[Dataset items]
▼

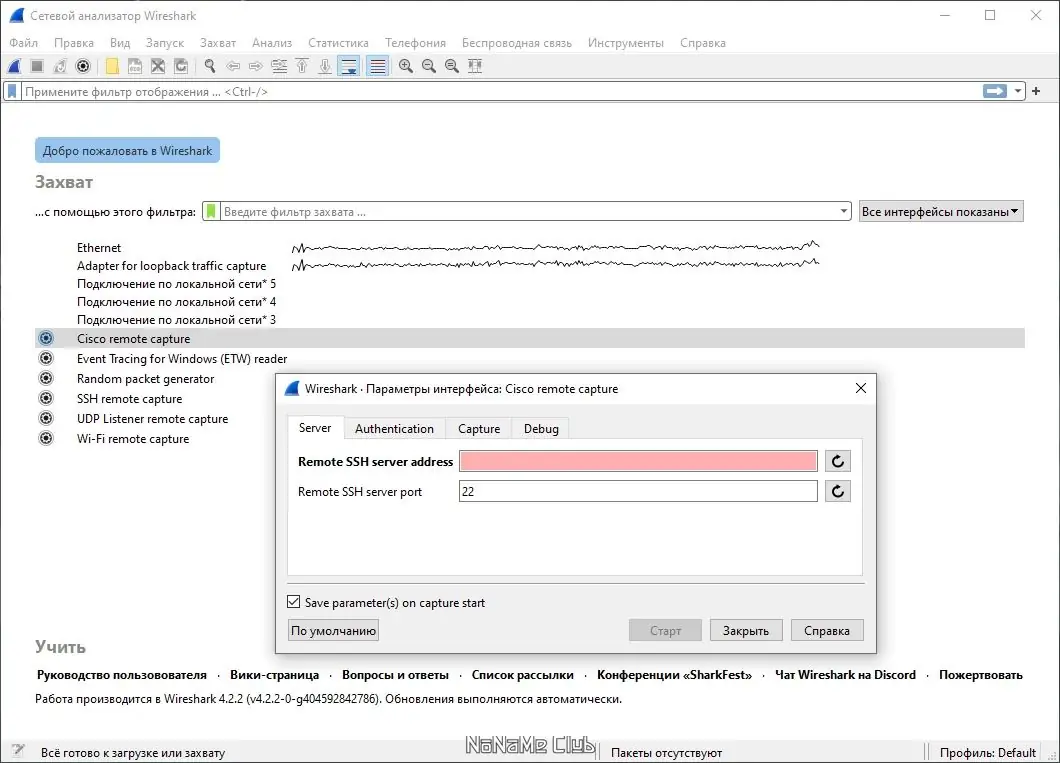 - Поддержка анализа трафика в реальном времени с возможностью сохранения сессий для последующего изучения.
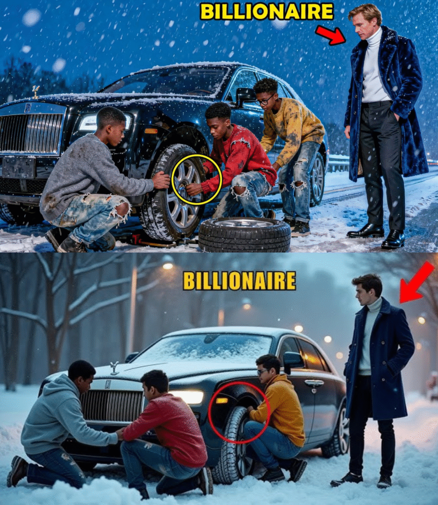 3 BLΑCK BOYS HELP Α BILLIONΑIRE FIX HIS FLΑT TIRE — NEXT DΑY, Α ROLLS-ROYCE SHOWED UP ΑT THEIR HOUSE
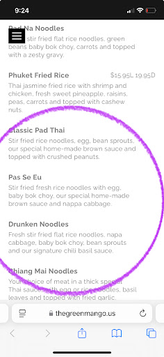 Ā Ā Ā Read moreTwo things to know upfront before you visit: when I went, they were doing takeout only, and they were cash-preferred. They don't have much space (maybe 6 tables in the entire place), and it is not the kind of place you'd go if you're looking for atmosphere (check out Nicki's Thai if that is what you want). Food was prepared quickly, with only a 4-7 minute wait. Prices here were more like what I am used to (unlike the other area Thai restaurants I've visited), but it shows in the quality. The phad thai was not up to snuff, lacking the distinctive balance of sweet, sour, and savory flavors. It was not offensive, just more bland than anything. To our cashier's credit, he tried to steer us away from the phad thai when asked for recommendations, encouraging us to try the drunken noodles if we were down for something spicy. That said, in my opinion, any Thai restaurant worth its salt needs to have a solid phad thai. Would I consider trying The Green Mango again? Maybe once, just to make sure I didn't just get a mediocre dish. Would I argue there is significantly better Thai food to be found in the...
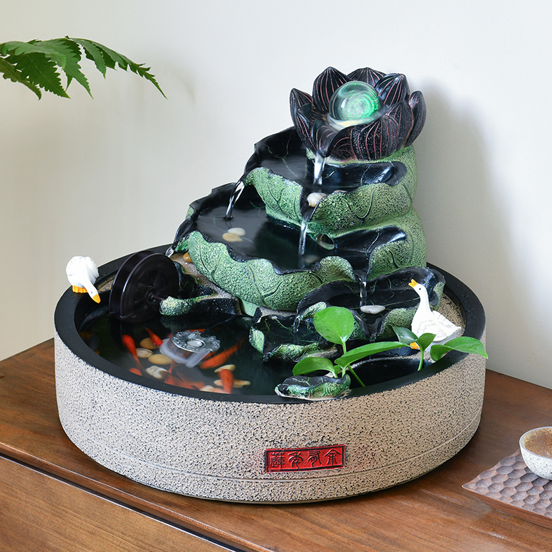 招财中式鱼缸流水生财摆件循环水客厅玄关桌面风水轮装饰喷泉造景
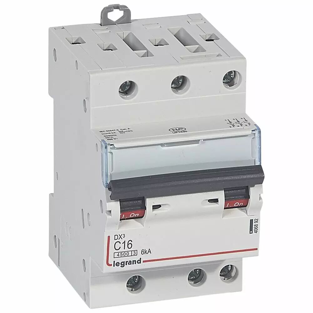 Disjoncteur DX³ 4500 - vis/vis - 3P - 400 V~ - 16A - 6kA - courbe C - 1 mod (406892)
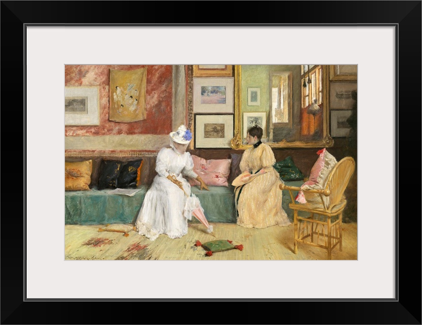 <p>A Friendly Call, by William Merritt Chase, 1895, American impressionist painting, oil on canvas. The 'visit' took place in Chase's own studio at his summer home near Shinnecock, Long Island. The painter's wife, Alice Gerson Chase, greets an unidentified c</p>

▲

Copy the final portion of the records: every line from the one containing "Disjoncteur DX³ 4500" through the last, word for word, without pictures.

RESULT OF THIS EXERCISE:
 Disjoncteur DX³ 4500 - vis/vis - 3P - 400 V~ - 16A - 6kA - courbe C - 1 mod (406892)
 <p>A Friendly Call, by William Merritt Chase, 1895, American impressionist painting, oil on canvas. The 'visit' took place in Chase's own studio at his summer home near Shinnecock, Long Island. The painter's wife, Alice Gerson Chase, greets an unidentified c</p>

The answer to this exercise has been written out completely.